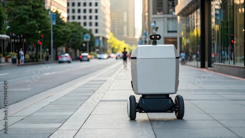 A delivery robot navigates a city street, showcasing urban technology in action.
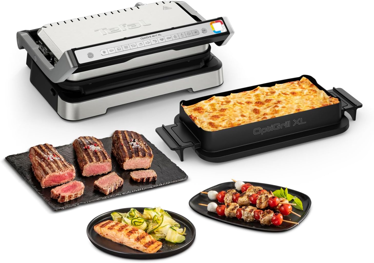 Tefal OptiGrill+ Контактна скара, 6 програми, дисплей за ниво на готвене, подвижни плочи, ръчен режим, електрическа скара, неръждаема стомана, GC712D12
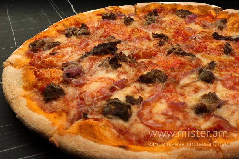 Моцарела, соус томатний, телятина, цибуля, пармезан.
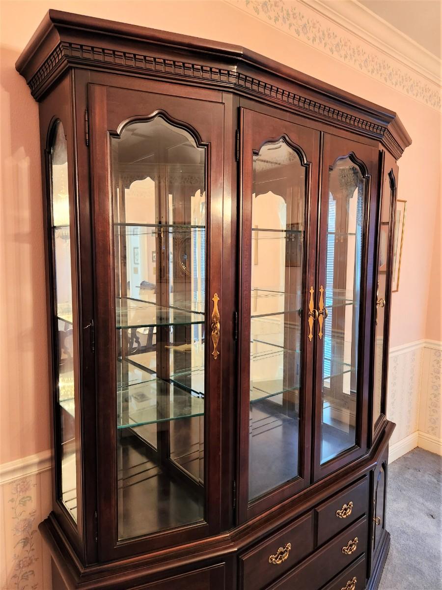 This one is a real beauty - Thomasville - mahogany finish - lighted, beveled glass. 3 drawers, 2 side sections, lots of storage. 3 adjustable tempered glass shelves - breaks down into 2 pieces for easy moving. 65" across, 21" deep, 91" tall - great condition.
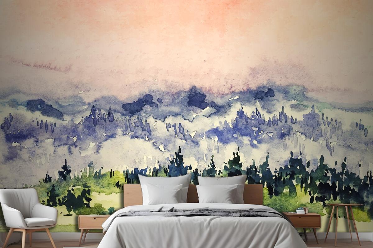 Soyut Suluboya Manzara Arka Plan Yatak Odası Duvar Kağıdı
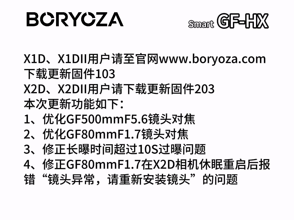 产品型号:BORYOZA 电子自动转接环GF-HX 适用富士GF镜头转哈苏X卡口XCD机身X1D X1DII X2D X2DII
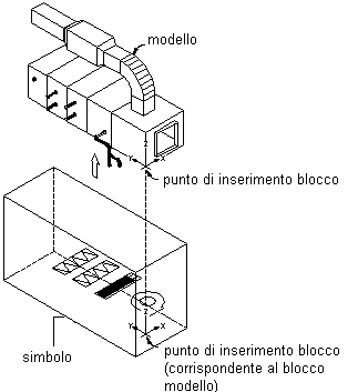 Per assicurare il corretto controllo della visualizzazione del simbolo quando questo viene aggiunto ai disegni, disegnare la geometria per il simbolo sul layer 0, assegnare DABLOCCO per colore e tipo di linea e DALAYER per lo spessore linea. Il punto di inserimento o punto base viene utilizzato come riferimento per il posizionamento di blocchi al momento dell'inserimento. Il punto di inserimento del blocco schematico deve essere identico a quello del blocco modello 3D che rappresenta. Quando si posiziona la parte multivista in un disegno, tutti i blocchi associati fanno parte di un unico oggetto, pertanto è preferibile mantenere un punto di inserimento comune.
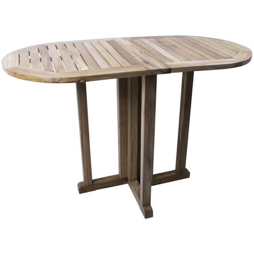 - Hochwertiges Teakholz: Die Tischplatte besteht aus erstklassigem Teakholz, bekannt für seine Langlebigkeit, Witterungsbeständigkeit und seine einzigartige Maserung, die mit der Zeit eine silbergraue Patina entwickelt und dem Tisch einen charaktervollen Look verleiht.
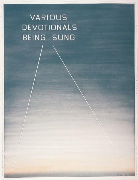 Ed Ruscha's work has been associated equally with American Pop Art and with Conceptual Art. His use of words and typography links him with both these movements, but his sensibility is much closer to that of the poet, using words to conjure up a complex of images and associations. It is a sensibility honed by his training in commercial graphic art and by his life in Los Angeles, city of the film industry, of ubiquitous advertising hoardings and of the freeway. The three drawings in question are fine examples of Ruscha's ability to make pictorial and internalized images out of words floating in largely monochrome fields of colour.
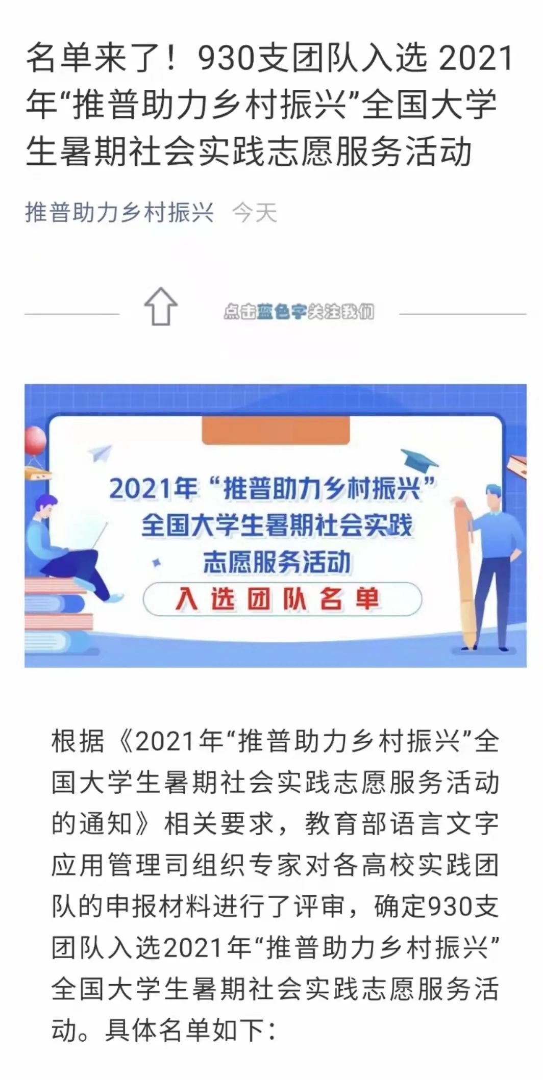 教育部语言文字应用管理司、共青团中央青年发展部共同发布《2021年“推普助力乡村振兴”全国老员工暑期社会实践志愿服务活动的通知》,征集通知发出后,收到全国483所高校近2000支老员工志愿服务团队,bevictor1946韦德官网“语润昌江 语你同行”实践团队和来自清华大学、北京师范大学、同济大学、东南大学、北京语言大学、江苏师范大学等在内的930支团队最终成功入选 2021年“推普助力乡村振兴”全国老员工暑期社会实践志愿服务活动团队
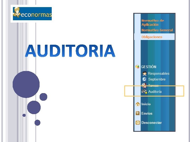 AUDITORÍA Para realizar la auditoría hay que insertar el ESTADO, los COMENTARIOS, y los REGISTROS que evidencian su estado Gestión del estado de cumplimiento de las obligaciones auditables Posibilidad de incluir comentarios y referencias a registros

+++++

Requirement — Nothing but the pictures may be dropped; output the records above exactly.

Response box —
 A delivery robot navigates a city street, showcasing urban technology in action.
 Tefal OptiGrill+ Контактна скара, 6 програми, дисплей за ниво на готвене, подвижни плочи, ръчен режим, електрическа скара, неръждаема стомана, GC712D12
 Моцарела, соус томатний, телятина, цибуля, пармезан.
 This one is a real beauty - Thomasville - mahogany finish - lighted, beveled glass. 3 drawers, 2 side sections, lots of storage. 3 adjustable tempered glass shelves - breaks down into 2 pieces for easy moving. 65" across, 21" deep, 91" tall - great condition.
 Soyut Suluboya Manzara Arka Plan Yatak Odası Duvar Kağıdı
 产品型号:BORYOZA 电子自动转接环GF-HX 适用富士GF镜头转哈苏X卡口XCD机身X1D X1DII X2D X2DII
 Per assicurare il corretto controllo della visualizzazione del simbolo quando questo viene aggiunto ai disegni, disegnare la geometria per il simbolo sul layer 0, assegnare DABLOCCO per colore e tipo di linea e DALAYER per lo spessore linea. Il punto di inserimento o punto base viene utilizzato come riferimento per il posizionamento di blocchi al momento dell'inserimento. Il punto di inserimento del blocco schematico deve essere identico a quello del blocco modello 3D che rappresenta. Quando si posiziona la parte multivista in un disegno, tutti i blocchi associati fanno parte di un unico oggetto, pertanto è preferibile mantenere un punto di inserimento comune.
 - Hochwertiges Teakholz: Die Tischplatte besteht aus erstklassigem Teakholz, bekannt für seine Langlebigkeit, Witterungsbeständigkeit und seine einzigartige Maserung, die mit der Zeit eine silbergraue Patina entwickelt und dem Tisch einen charaktervollen Look verleiht.
 Ed Ruscha's work has been associated equally with American Pop Art and with Conceptual Art. His use of words and typography links him with both these movements, but his sensibility is much closer to that of the poet, using words to conjure up a complex of images and associations. It is a sensibility honed by his training in commercial graphic art and by his life in Los Angeles, city of the film industry, of ubiquitous advertising hoardings and of the freeway. The three drawings in question are fine examples of Ruscha's ability to make pictorial and internalized images out of words floating in largely monochrome fields of colour.
 教育部语言文字应用管理司、共青团中央青年发展部共同发布《2021年“推普助力乡村振兴”全国老员工暑期社会实践志愿服务活动的通知》,征集通知发出后,收到全国483所高校近2000支老员工志愿服务团队,bevictor1946韦德官网“语润昌江 语你同行”实践团队和来自清华大学、北京师范大学、同济大学、东南大学、北京语言大学、江苏师范大学等在内的930支团队最终成功入选 2021年“推普助力乡村振兴”全国老员工暑期社会实践志愿服务活动团队
 AUDITORÍA Para realizar la auditoría hay que insertar el ESTADO, los COMENTARIOS, y los REGISTROS que evidencian su estado Gestión del estado de cumplimiento de las obligaciones auditables Posibilidad de incluir comentarios y referencias a registros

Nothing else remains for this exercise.